From the looks I'm getting now I know I'll need it.
"Thank you, Mr Patrick. This means a lot to me and you won't regret it," I say trying to ignore the sniggers.
"Firstly, I think that while we're here we should go over some ideas," I suggest.
"Good idea. When you come up with something good I'll be in my office," Mr Patrick says and walks away. It hurts to know that he won't stick around to wait for my ideas like he would for Paul. Paul. Just because I'm a woman. But I'm gonna have some great ideas just to prove him wrong. This means the world to me so I have to prove people wrong. Especially Paul, who has always doubted me.
"What did you do to get this role?" Paul asks raising his eyebrows.
"What?" I ask.
"Well, before I was in charge and everyone was happy with that. Well, obviously you weren't if you were prepared to betray all of us and open your legs," Paul says crudely and it hurts to know that's what he thinks of me.
"I'll pretend I don't know what you're insinuating because otherwise I could complain (not that any good can come of that, they'd just undermine me, I think to myself). Actually, I only found out about this today along with you lot, Never did I do anything undignified and I never betrayed you," I retort.
"Yeah, right," Lenny says.
"Come on, Lenny, you know me," I plead.
"I thought I did," Lenny says.
"You do know me," I say.
"Do we? All we know is that you're a fake," Jack says.
"Enough. Paul I know you think I plotted this but I didn't and I'd never betray anyone and I am not a fake.
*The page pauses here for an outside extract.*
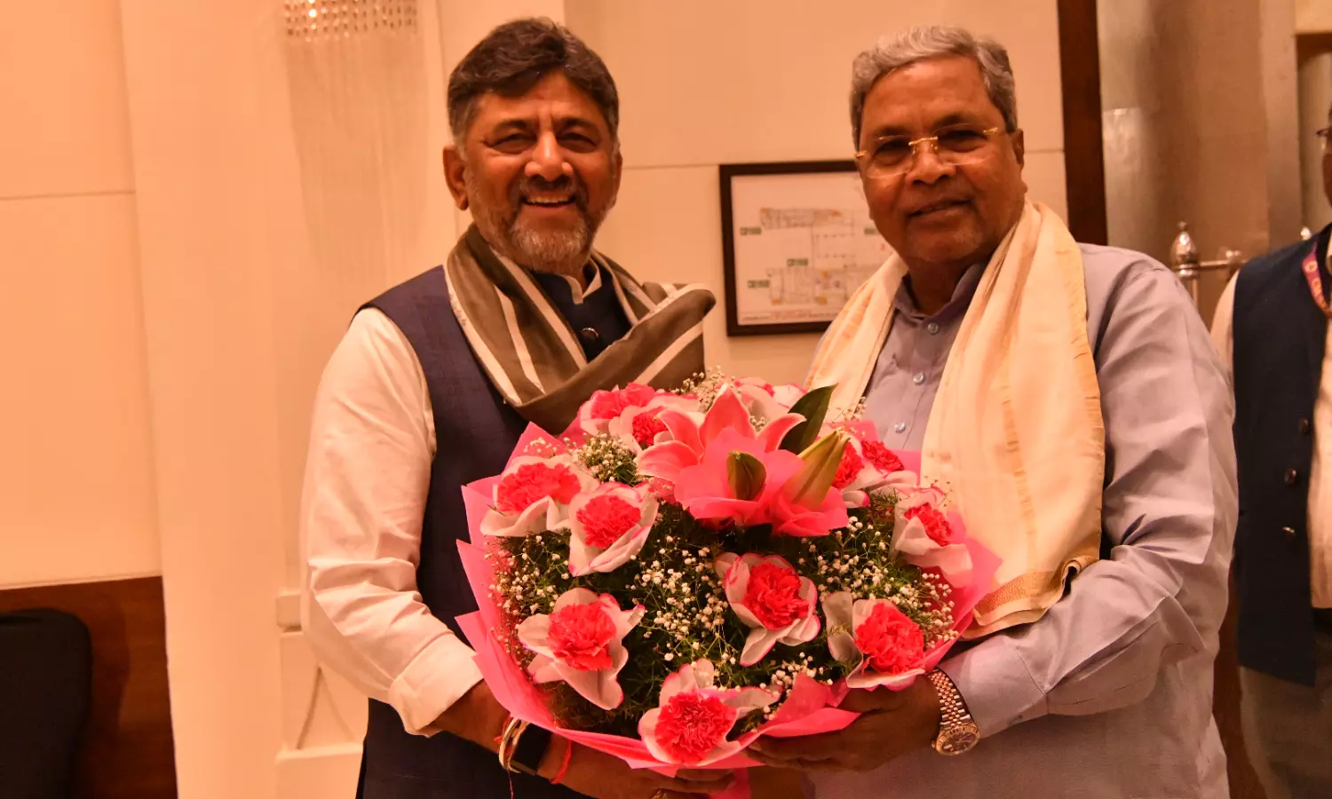 BENGALURU: Deputy Chief Minister D.K. Shivakumar completed six years as president of Karnataka Pradesh Congress Committee (KPCC) on Tuesday. While congratulating Shivakumar on completion of 6 years, Chief Minister Siddaramaiah quipped “Shivakumar is junior to me" and stated "a bright future awaits him (Shivakumar).”

Throughout my career I have remained honest, hard working and respectable and I'm disappointed that you could believe the worst in me, But I think that us four can present excellent ideas to Mr Patrick if we work together," I say passionately, looking at Paul in particular.
"Yes, but it will all be on your terms,"Paul argues.
"Listen, this role won't change me. I don't expect special treatment, all I want is for my ideas to be heard," I admit.
"Ok," Lenny says.
"Yes," Jack says.
"Fine," Paul says.
"We won't be able to work as a team of their is still tension. So before we start I want you to be honest," I say.
"Well, I think he's making a mistake," Paul admits.
"But that's because you've always gotten your own way," I argue before his words can hurt me like they usually do.
"What...?" Paul starts.
"I know your Dad blackmailed Mr Patrick," I say slyly, it may be ruthless to expose him like this but it's payback for all the pain he's caused me over the years.
"What?" Lenny asks.
"When Paul finished school everywhere he applied to he got pipped at the post. But when he heard of this place he was determined to not only get in but get the highest position in advertising. When he applied he didn't get the job because Jack beat him. Paul wouldn't give up and he got his Dad to offer a generous donation to the company in exchange for Paul getting the job but it was rejected. So instead Paul did a background search on Mr Patrick and found out about his affair and got his Dad to blackmail him. So Paul got the job and Jack was his assistant. All those years of friendshup beforehand weren't worthy of the truth of his betrayal," I say coldly.
"So I deserved the job instead of this idiot," the usually calm and quiet Jack says loudly and angrily.
"Yes," I say calmly.
"You hypocrite," Lenny says glaring at Paul.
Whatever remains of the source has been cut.